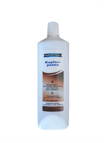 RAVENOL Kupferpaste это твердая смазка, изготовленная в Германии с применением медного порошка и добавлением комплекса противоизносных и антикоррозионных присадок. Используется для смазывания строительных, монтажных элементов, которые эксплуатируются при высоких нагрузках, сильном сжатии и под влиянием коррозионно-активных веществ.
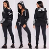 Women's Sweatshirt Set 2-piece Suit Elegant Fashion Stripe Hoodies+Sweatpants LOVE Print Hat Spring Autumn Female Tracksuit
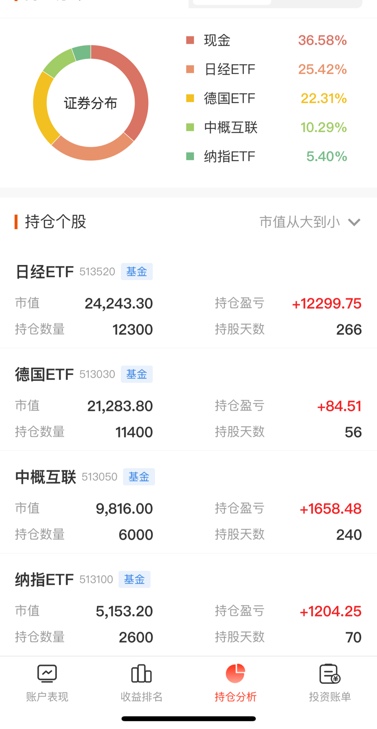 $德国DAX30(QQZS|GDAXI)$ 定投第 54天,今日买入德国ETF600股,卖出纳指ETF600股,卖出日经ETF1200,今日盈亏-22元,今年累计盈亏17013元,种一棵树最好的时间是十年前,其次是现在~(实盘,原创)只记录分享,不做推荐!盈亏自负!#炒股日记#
* * *
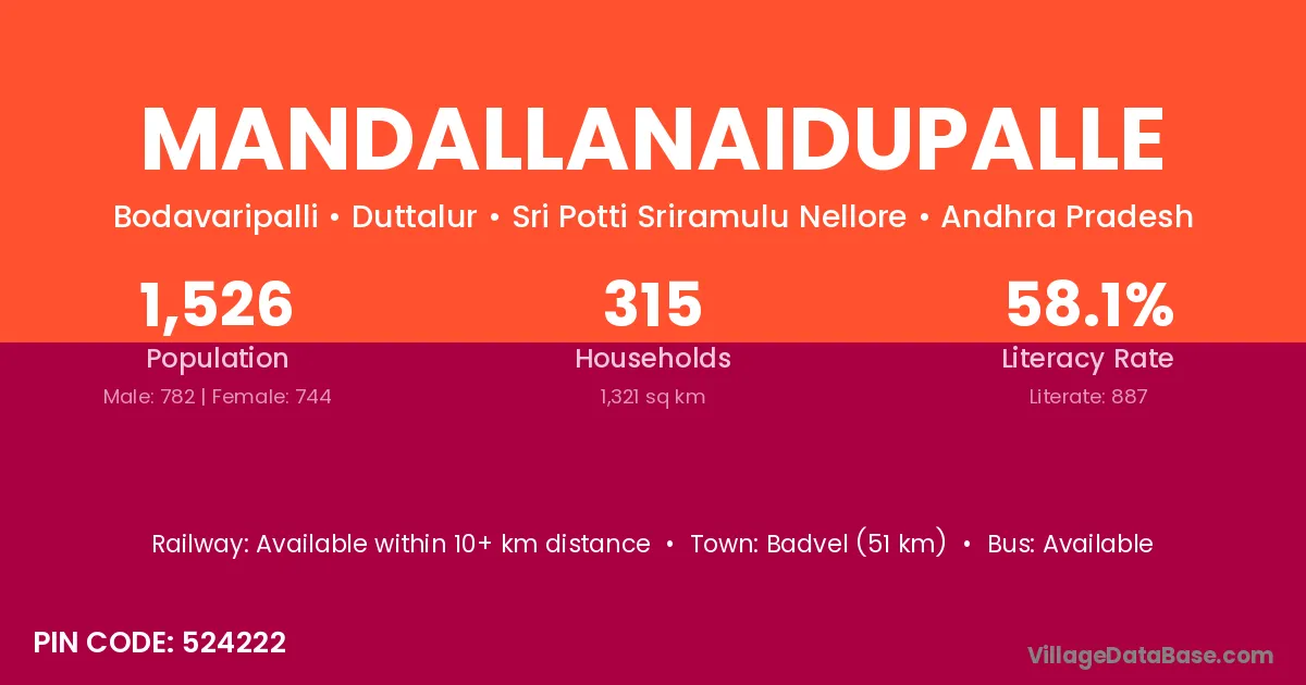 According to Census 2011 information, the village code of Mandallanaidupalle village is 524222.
--
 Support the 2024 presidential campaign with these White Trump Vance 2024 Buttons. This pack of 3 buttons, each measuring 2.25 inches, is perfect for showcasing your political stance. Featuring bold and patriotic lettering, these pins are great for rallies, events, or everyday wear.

**What you should do**
Copy only what runs above from the line containing "RAVENOL Kupferpaste это" through the line containing "Women's Sweatshirt Set", exactly. Leave out the pictures.

**Your response**
 RAVENOL Kupferpaste это твердая смазка, изготовленная в Германии с применением медного порошка и добавлением комплекса противоизносных и антикоррозионных присадок. Используется для смазывания строительных, монтажных элементов, которые эксплуатируются при высоких нагрузках, сильном сжатии и под влиянием коррозионно-активных веществ.
 Women's Sweatshirt Set 2-piece Suit Elegant Fashion Stripe Hoodies+Sweatpants LOVE Print Hat Spring Autumn Female Tracksuit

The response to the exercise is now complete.